6.3 Exposures to Central Counterparties:

  1. The exposures to Central Counter Parties (CCPs), on account of derivatives trading and securities financing transactions outstanding against them shall be assigned zero exposure value. However, these exposures will be subject to the regulatory reporting requirements as defined in paragraph 7.

  2. Amount of the collaterals with CCPs shall be reckoned for arriving at the exposure limit.

  3. Other exposures: Other types of exposures such as equity stake, funding facilities, credit facilities, guarantees etc., shall be measured according to the rules set out in this framework, as for any other type of counterparty. These exposures shall be added together and be subjected to the LE limit.

6.4 Breach

  1. Any breach of Large Exposure limits shall be under exceptional conditions beyond the control of NBFC-UL, and it shall be reported to RBI (Department of Supervision, Central Office) immediately and rapidly rectified.

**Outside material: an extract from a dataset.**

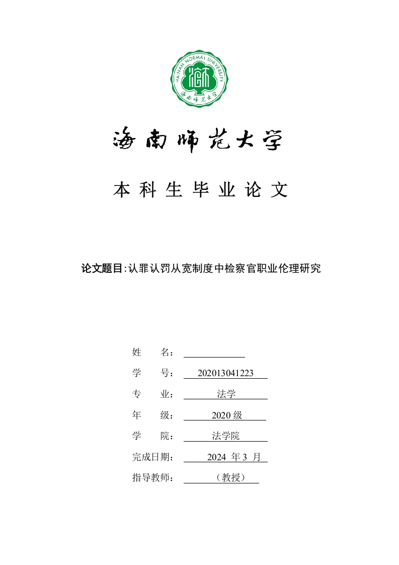本科生毕业论文论文题目:认罪认罚从宽制度中检察官职业伦理研究姓名:学号:202013041223专法学年级:2020级学院:法学院完成日期:2024年3月指导教师:(教授)本科生毕业论文独创性声明本人声明所呈交的毕业论文是本人在导师指导下进行的研究工作及取得的研究成果,除了文中特别加以标注和致谢的地方外,本论文中没有抄袭他人研究成果和伪造数据等行为。与我一同工作的同志对本研究所做的任何贡献均已在论文中作了明确的说明并表示谢意。论文作者签名:日期:20年月日本科生毕业论文使用授权声明海南师范大学有权保留并向国家有关部门或机构送交毕业论文的复印件和磁盘,允许毕业论文被查阅和借阅。本人授权海南师范大学可以将本毕业论文的全部或部分内容编入有关数据库进行检索,可以采用影印、缩印或其他复印手段保存、汇编毕业论文。论文作者签名:日期:20年月日指导教师签名:日期:20年月日目录引言…(二)轻罪快处案件分流...3(一)尊重案件事实...(三)保障被追诉人权利..6三、认罪认罚从宽制度中检察官的职业伦理检视..69(一)被追诉人自愿性保障不足.….6(二)检察官自由裁量权使用不当.…7四、认罪认罚从宽制度中检察官的职业伦理规范完善..9-12(一)充分保障被追诉人权利...9(二)依法约束检察官的自由裁量权...10(五)坚持廉洁奉公.....参考文献.
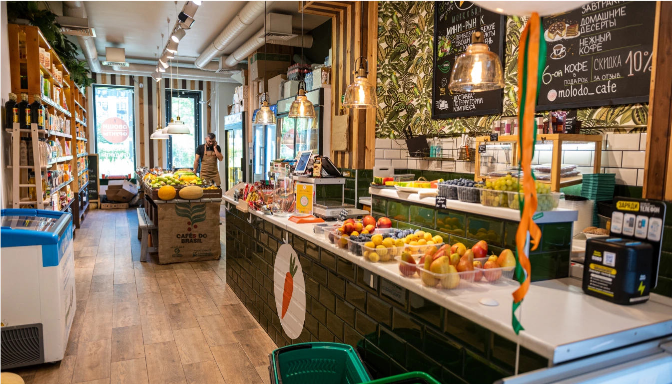 Открыть лавку и кафе в одном помещении было не только эмоциональным решением, но и рациональным. Мне было важно, чтобы продукты в лавке всегда были свежими, вкусными и красивыми. Но овощи и фрукты не всегда быстро раскупают, и на них могут появиться небольшие помятости. Если бы не было кафе, то пришлось бы торговать такими или списывать. А так как кафе есть, то повара каждый день забирают на кухню фрукты и овощи, которые выглядят наименее привлекательно. Таким образом списания в лавке получаются минимальные — до 10%. Знаю, что в некоторых магазинах они могут доходить до 20% — это очень много.

  2. NBFC-UL cannot undertake any further exposure (at the entity or group level, as the case may be) until it is brought down within the limit.

  3. Failure to comply with the exposure limit may lead to imposition of penalties on the NBFC-ULs by the supervisor.

7 Regulatory reporting

NBFC-UL shall report its Large Exposures to the Reserve Bank (Department of Supervision, Central Office) as per the reporting template given in Appendix 1. The LEF reporting shall cover the following:

  1. all exposures, meeting the definition of large exposure;

  2. all other exposures, measured as specified in paragraph 6 of this framework without offsetting exposure value with credit risk transfer instruments, where values stand equal to or above 10 percent of the NBFC-UL’s eligible capital base;

  3. all the exempted exposures with values equal to or above 10 percent of the NBFC-UL’s eligible capital base;

  4. 10 largest exposures included in the scope of application, irrespective of the values of these exposures relative to the NBFC-UL’s eligible capital base.

8 Implementation date and transitional arrangements

These instructions will be applicable from October 1, 2022. Once NBFC-UL is subject to LEF, credit concentration norms in respect of single/group of borrowers contained in Master Direction - Non-Banking Financial Company - Systemically Important Non-Deposit taking Company and Deposit taking Company (Reserve Bank) Directions, 2016 shall no longer be applicable to NBFC-UL.